╭─ Data provided

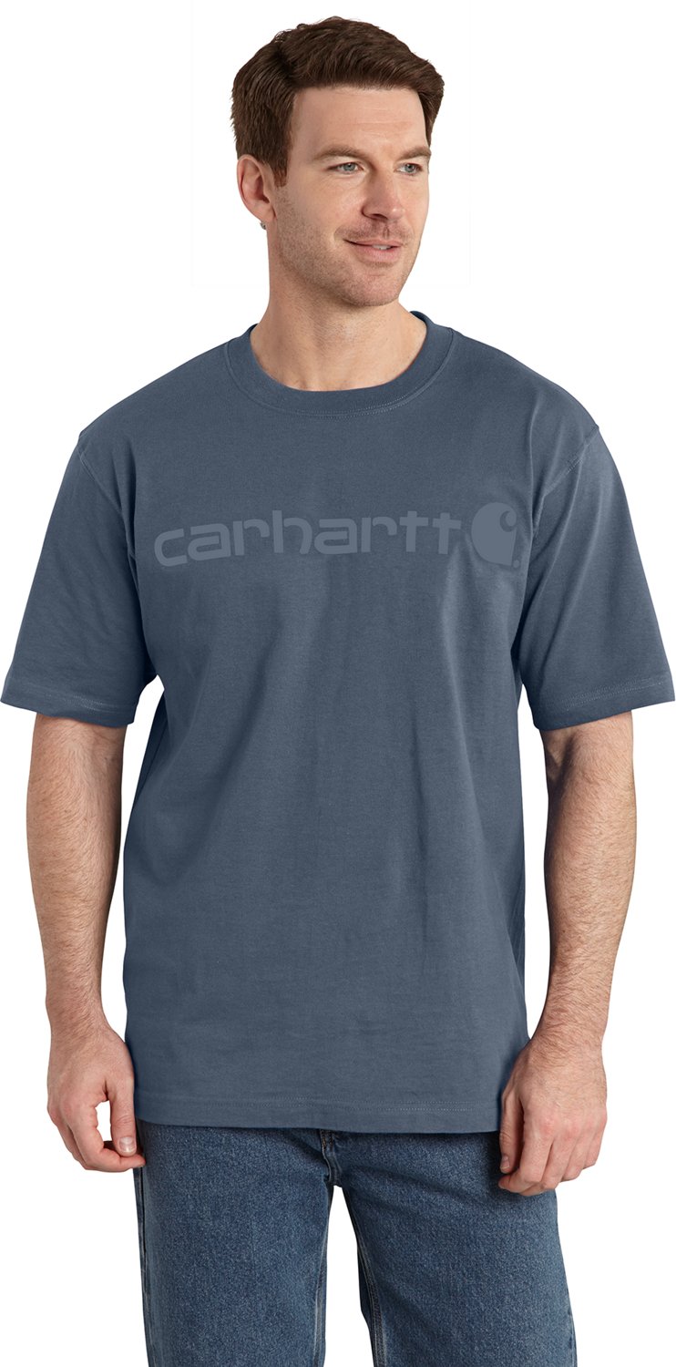 Great for work or casual wear, the Carhartt Men's Short Sleeve Logo T-shirt is made of 100% cotton knit jersey for a soft feel and comfortable wear and features a rib-knit crew neck with a tagless neck label and side-seam construction to help minimize twisting. Carhartt logo printed on the front and back.
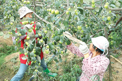 潮州日報訊(盧寧銳 攝) 潮安縣名優(yōu)水果生產(chǎn)基地的臺灣蜜棗喜獲豐收。去年畝產(chǎn)約有6000公斤?,沉甸甸的果實(shí)把枝頭壓彎了,果農(nóng)正在搭建竹架支撐。
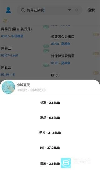 3、点击喜欢的歌,选择的品质,或者直接在线播放;
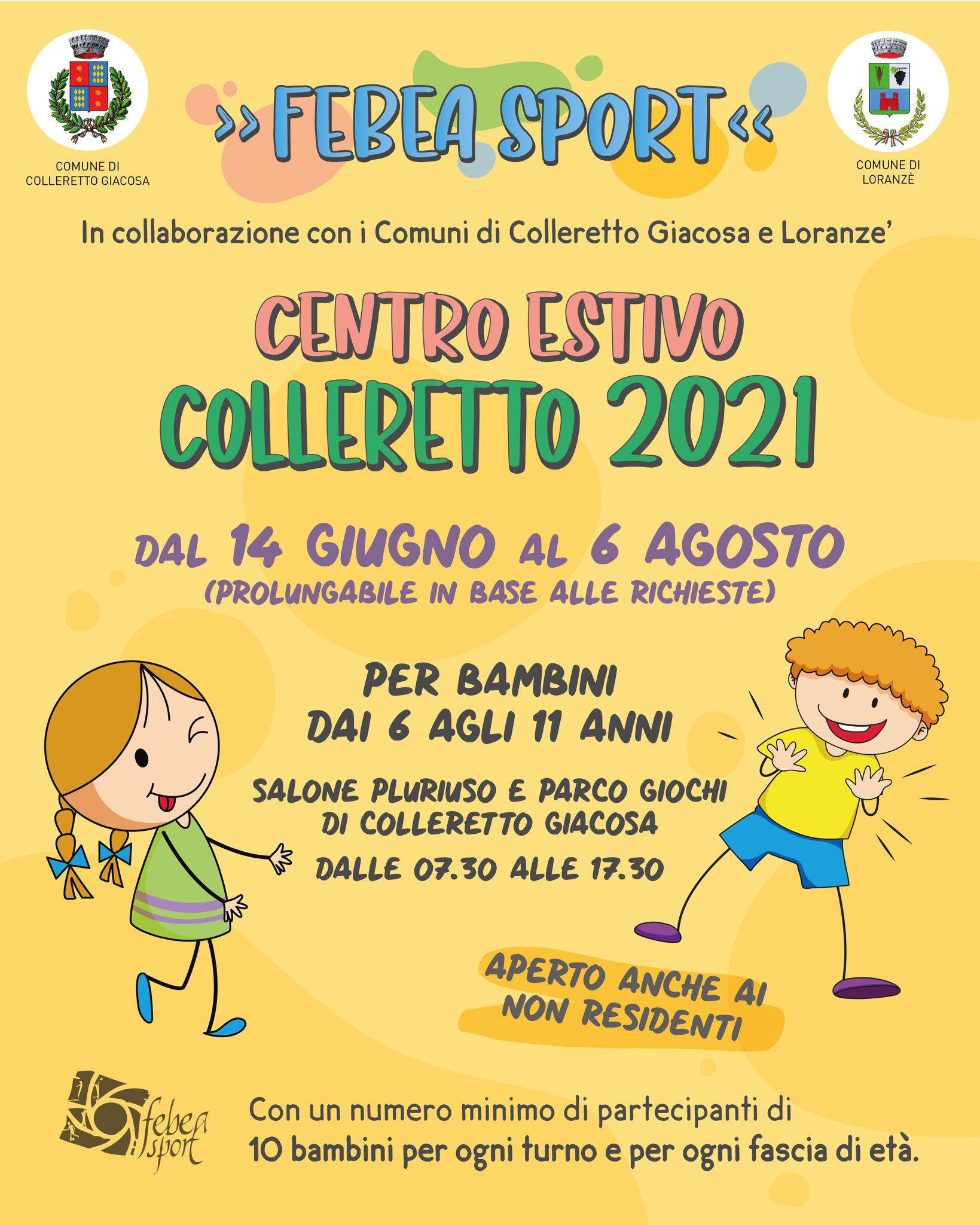 Il Comune di Colleretto Giacosa insieme al Comune di Loranzè, in collaborazione con l'Associazione FEBEA SPORT s.n.c. di Banchette, organizza dal 14 giugno al 6 agosto 2021 (con possibilità di prolungamento) il CENTRO ESTIVO 2021 per bambini dai 6 agli 11 anni, presso il Salone "Piero Venesia" ed il Parco "Guido Rossa" a Colleretto Giacosa dalle 07:30 alle 17:30, aperto anche a bambini non residenti.

╰─

Produce a verbatim transcription of every line in the listing, images omitted.

Reply to the exercise:
 Great for work or casual wear, the Carhartt Men's Short Sleeve Logo T-shirt is made of 100% cotton knit jersey for a soft feel and comfortable wear and features a rib-knit crew neck with a tagless neck label and side-seam construction to help minimize twisting. Carhartt logo printed on the front and back.
 潮州日報訊(盧寧銳 攝) 潮安縣名優(yōu)水果生產(chǎn)基地的臺灣蜜棗喜獲豐收。去年畝產(chǎn)約有6000公斤?,沉甸甸的果實(shí)把枝頭壓彎了,果農(nóng)正在搭建竹架支撐。
 3、点击喜欢的歌,选择的品质,或者直接在线播放;
 Il Comune di Colleretto Giacosa insieme al Comune di Loranzè, in collaborazione con l'Associazione FEBEA SPORT s.n.c. di Banchette, organizza dal 14 giugno al 6 agosto 2021 (con possibilità di prolungamento) il CENTRO ESTIVO 2021 per bambini dai 6 agli 11 anni, presso il Salone "Piero Venesia" ed il Parco "Guido Rossa" a Colleretto Giacosa dalle 07:30 alle 17:30, aperto anche a bambini non residenti.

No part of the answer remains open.